Sir Jules Thorn Centre for Co-Creation of Rehabilitation Technology image

A cutting-edge centre to develop innovations in rehabilitation technology for those recovering from strokes and other debilitating illnesses is being launched at the University of Strathclyde in Glasgow, following an award of almost half a million pounds.

This innovative centre will look to make technology innovations cheaper and more accessible for people needing rehabilitation equipment.

The Sir Jules Thorn Charitable Trust has awarded the University’s Biomedical Rehabilitation Engineering Research Group a grant of £449,000 to set up the ‘Sir Jules Thorn Centre for Co-Creation of Rehabilitation Technology’.

The specialist facility will test and develop new technologies for use both at home and in leisure centres to support individuals in their recovery, with the initial focus on strokes. They will be co-created with clinicians, while recovering patients will be recruited to test out the innovations and feedback their views.

The technology will be combined with artificial intelligence and machine learning methods used in computer gaming to produce tailored exercise programmes, which can be instructed by the systems themselves.

As well as using existing equipment to treat people and establish the concept that stroke survivors can rehabilitate themselves given the right technology and support, the university team will also learn from, and improve, the technology so they can modify it and make it cheaper and more accessible.

Strathclyde Biomedical Engineers Professor Philip Rowe and Dr Andrew Kerr, who is also a physiotherapist, will co-lead the centre.

Professor Rowe said: “The funding will allow us to create an environment for rehabilitation innovation that will welcome hundreds of users for significantly increased, ongoing, meaningful engagement in self-directed rehabilitation.

“We have the capability and expertise to develop and simplify advanced rehabilitation technology so that it is accessible for the whole user community, including older adults and will put users at the centre of their own rehabilitation. The ambition is for our centre to produce the technology that will help support these people in their own rehabilitation. There is huge potential for industry, research and education and the leisure industry and we are designing this equipment with them in mind.”

Existing facilities which have the capability to deliver these approaches are largely specialist research centres not generally available to the wider public and which usually focus only on one element of rehabilitation, the university highlights.

The centre will be hosted in the University’s Wolfson Building, which is undergoing a £15.5 million investment, and is due to be launched later this spring, once COVID-19 restrictions have lifted.
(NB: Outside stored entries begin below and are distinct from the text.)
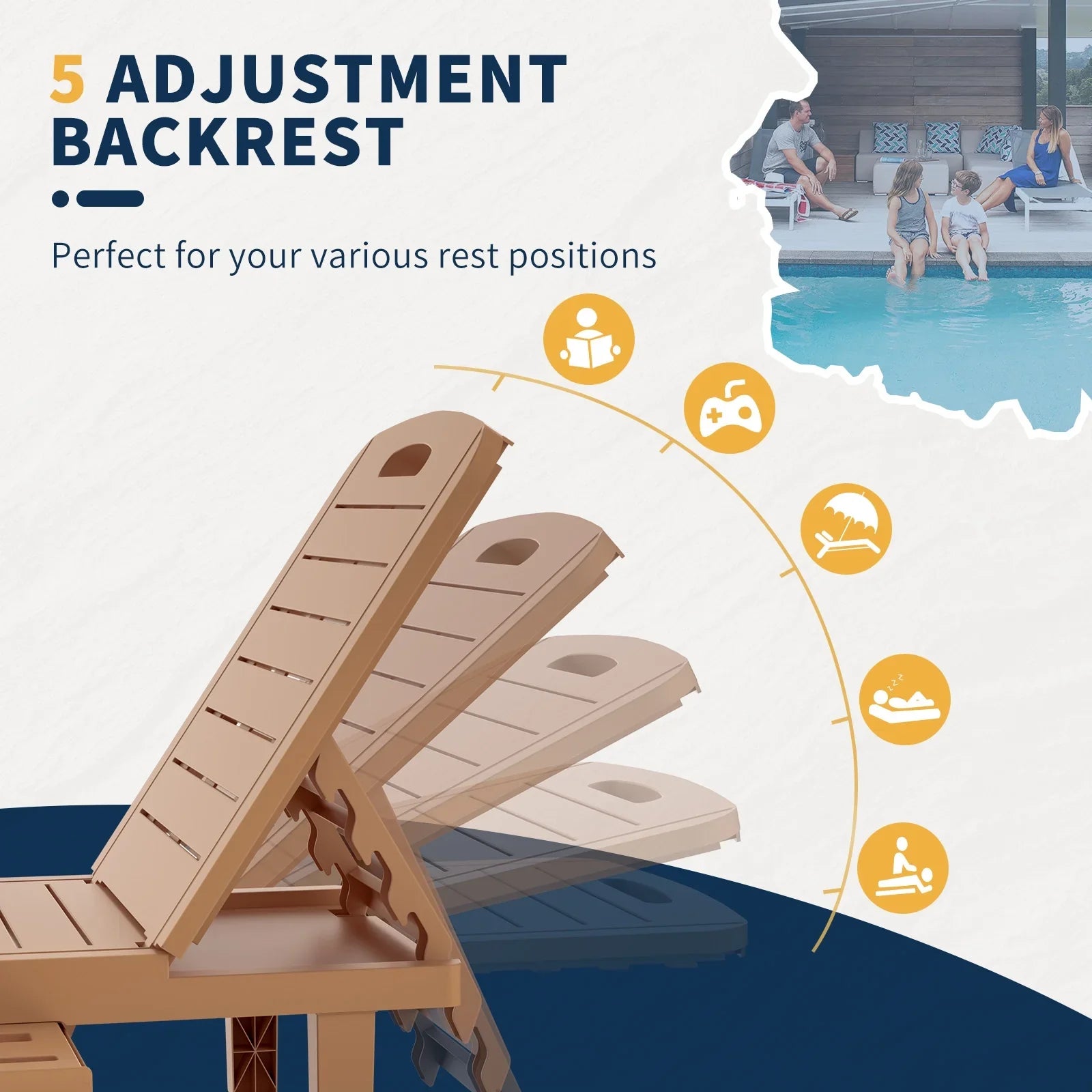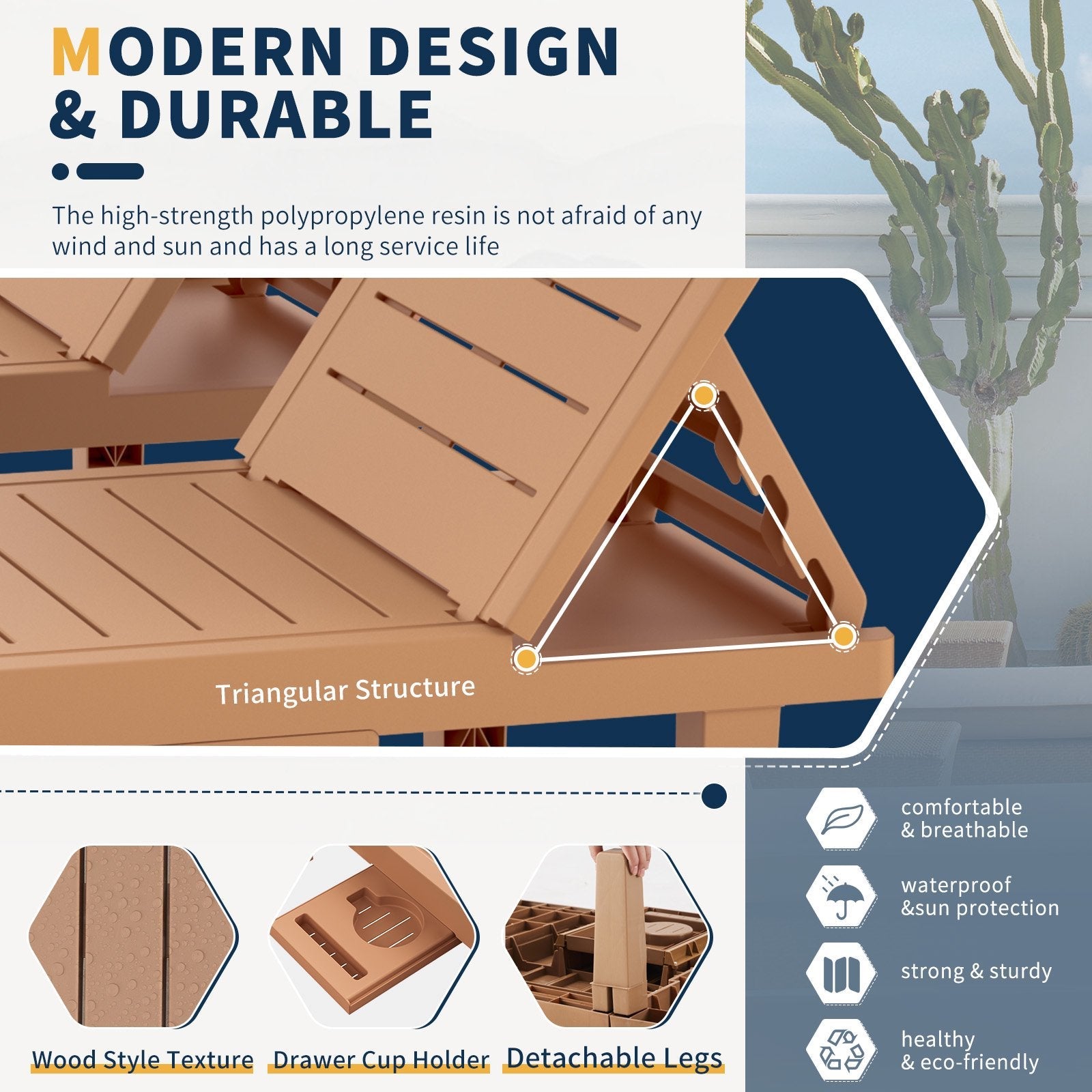 If you are tired of sitting on chairs in the office the whole day, then you will appreciate putting low-lying lounges in your backyard. You can imagine: lying on the our chaise in the warm sun, bathed in the warm natural wind. What a wonderful thing it is. This beautiful ECOPATIO outdoor chaise lounge set maintain the simple and natural style, and will be a perfect match for your backyard. Made of premium PP material, the surface is wood grain, fashionable and generous. This chaise lounge is weather resistant and durable. The back of the chaise lounge is adjustable, with 5 different angles available according to the need of individual user. Assembly instructions and hardware bags attached for user convenience.
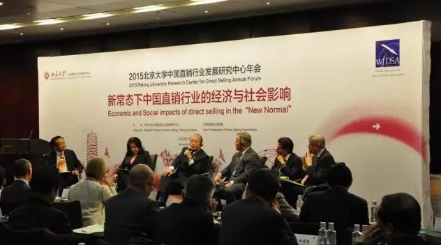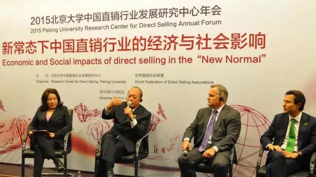 直销行业网讯 2015年11月6日,李金元董事长应邀出席于北京大学举办的“新常态下中国直销行业的经济与社会影响”主题论坛暨北京大学中国直销行业发展研究中心2015年年会,与到场的嘉宾一起,共同探讨在新常态新背景下,行业的社会经济形势及未来发展机遇。商务部市场秩序司司长常晓村,市场秩序司副处长戴毓高,工商总局反垄断与反不正当竞争执法局局长白京华等领导出席本次活动。
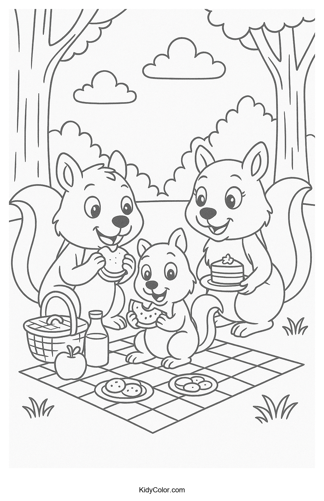 Discover the joy of coloring with our delightful squirrel picnic scene set in a whimsical forest. Perfect for sparking creativity, this coloring page invites kids to explore nature and express themselves artistically through vibrant colors.
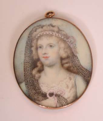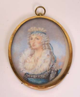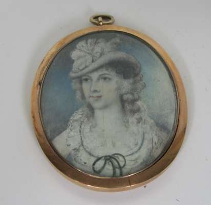 each of oval shape, on ivory, depicting various female sitters, two backed with woven hair, in glazed frames (3)
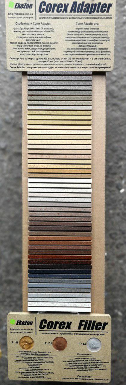 Corex Adapter красивим і дуже елегантним на підлозі. На верхню площину адаптера нанесено матовий еластичний лак, що перешкоджає його забрудненню.
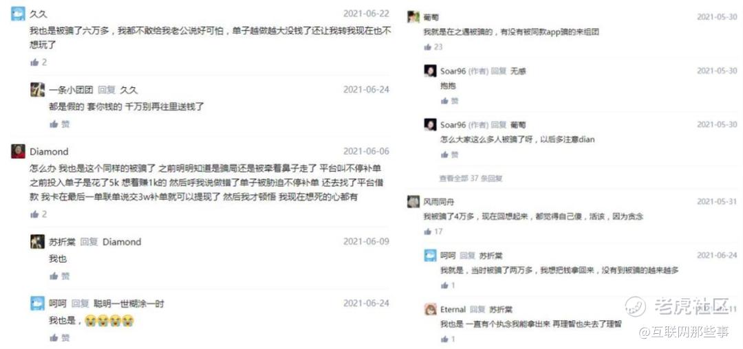 另外,在一篇《我在之遇APP被诈骗的经历》的文章底下,也有很多被骗几万不等的受害者的留言。

There will be an initial focus on stroke rehabilitation but with ambitions to cut across all physical rehabilitation for other disabling conditions.

Dr Kerr commented: “More people are living after their stroke than ever but the issue is they can be left with a disability. Some are obvious like a balance or walking problem, but often it’s cognitive or a fatigue, so it’s hidden.

“As well as researching physical rehabilitation with walking and standing balance, we will take a more holistic approach and also focus on cognitive issues like speech and language.

“Increasingly the long-term management of conditions like strokes is the responsibility of the individual, but our position is that people don’t have the resource to do this. How do you retrain walking if you need supervision, or retrain your arm if you can’t even lift it up on your own?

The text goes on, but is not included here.